Die Bilanz: Der mit 66 Stunden größte Eisenbahnerstreik der österreichischen Geschichte im Jahr 2003, der zumindest nach Regierungsangaben die ÖBB selbst 12 Mio. Euro und die heimische Volkswirtschaft fast 450 Mio. Euro gekostet hat, eine danach vereinbarte erste Reform 2004, die der ÖBB nach damaliger Rechnung längerfristig pro Jahr rund 100 Mio. Euro Einsparungen bringen sollte, und eine zweite Reform mit einem Einsparungseffekt von 17 bis 20 Mio. Euro, über die sich Vorstand und Gewerkschaft jetzt geeinigt haben.
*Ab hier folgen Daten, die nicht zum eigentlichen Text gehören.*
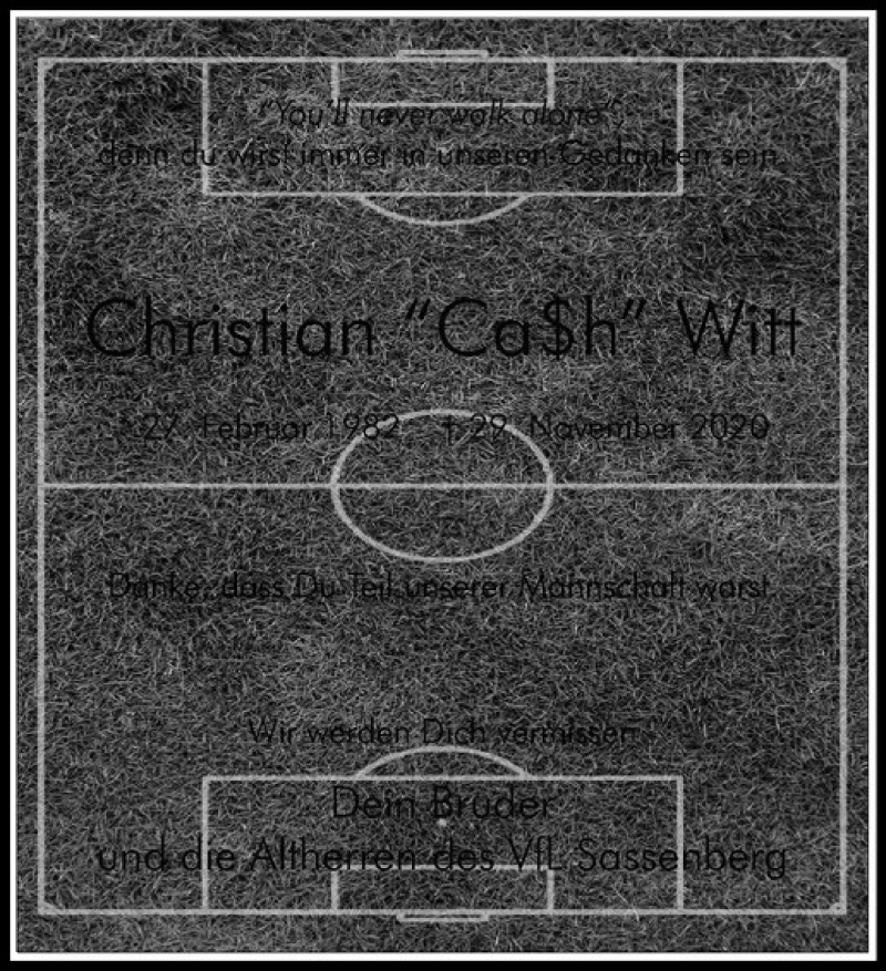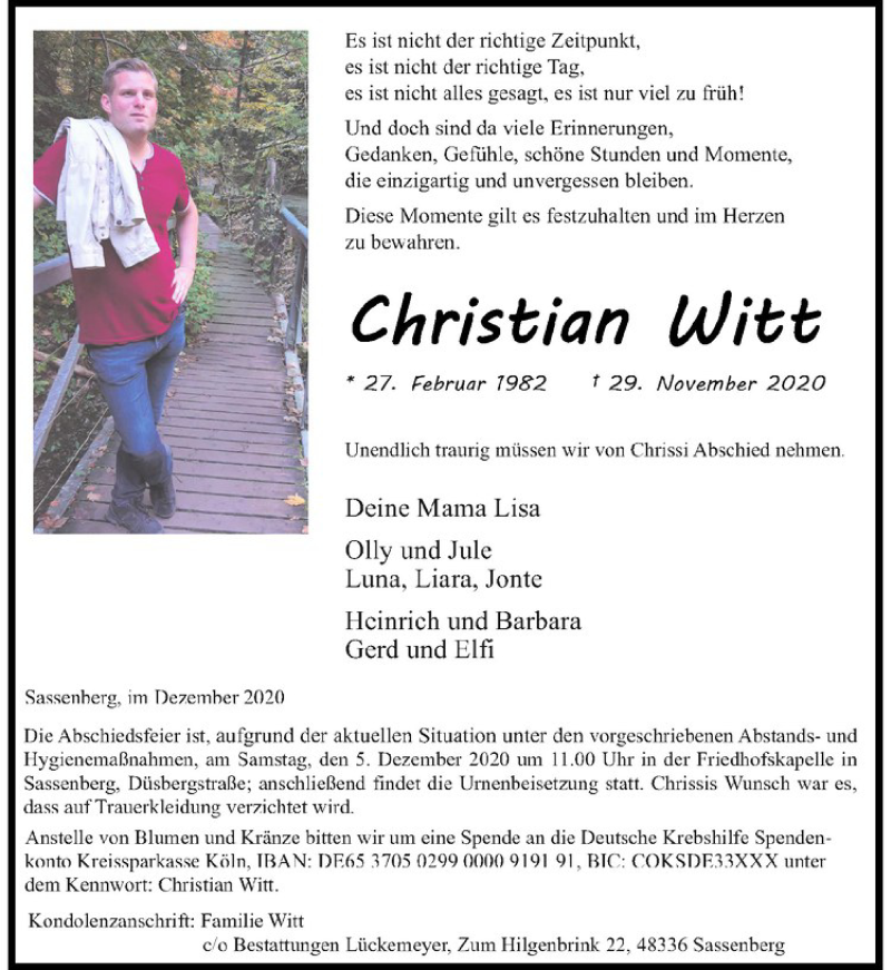 Hier finden Sie alle Traueranzeigen aus der Zeitung, die bisher für Christian Witt erschienen sind. Weitere Traueranzeigen, die in der Zeitung erscheinen, werden hier ebenfalls aufgelistet

Neuerliche Änderungen gibt es nun vor allem bei der Arbeitszeit und bei der Versetzung von Mitarbeitern. Der Kündigungsschutz für Eisenbahner mit alten Dienstverträgen, gegen dessen gesetzliche Lockerung die Gewerkschaft bis zuletzt mit neuerlichen Streiks gedroht hat, bleibt aber erhalten. Die Änderungen im Überblick:

Bei einer VERSCHIEBUNG DER DIENSTSCHICHTEN gegenüber dem ursprünglichen Dienstplan fallen derzeit einerseits Änderungszuschläge (Überstundenzuschlag) an, andererseits müssen Stunden, die geplant, aber in Folge der Veränderung nicht geleistet werden, bezahlt werden. In Zukunft können entfallende Stunden in einem Zeitraum von 72 Stunden nachgeholt werden. Einsparungspotenzial 12 bis 14 Mio. Euro.

Außerdem musste der konkrete DIENSTPLAN bisher spätestens 14 Tage vorher dem Mitarbeiter bekannt gegeben werden. Per Betriebsvereinbarung sollen diese Fristen jetzt auf bis zu einem Tag verkürzt werden. Das soll noch einmal 2 bis 3 Mio. Euro einsparen. Die MINDESTSCHICHTLÄNGE kann im Falle von Ausbildungsveranstaltungen und Arztbesuchen künftig auf unter 5 Stunden verkürzt werden. (Einsparungseffekt 1 bis 1,5 Mio. Euro).

RUHEZEITEN können künftig zwei Mal statt bisher ein Mal pro Woche auf sechs Stunden verkürzt werden. Durch Betriebsvereinbarung soll künftig bei besonders langen RUHEPAUSEN auf Nebenstrecken ein Teil als unbezahlt definiert werden.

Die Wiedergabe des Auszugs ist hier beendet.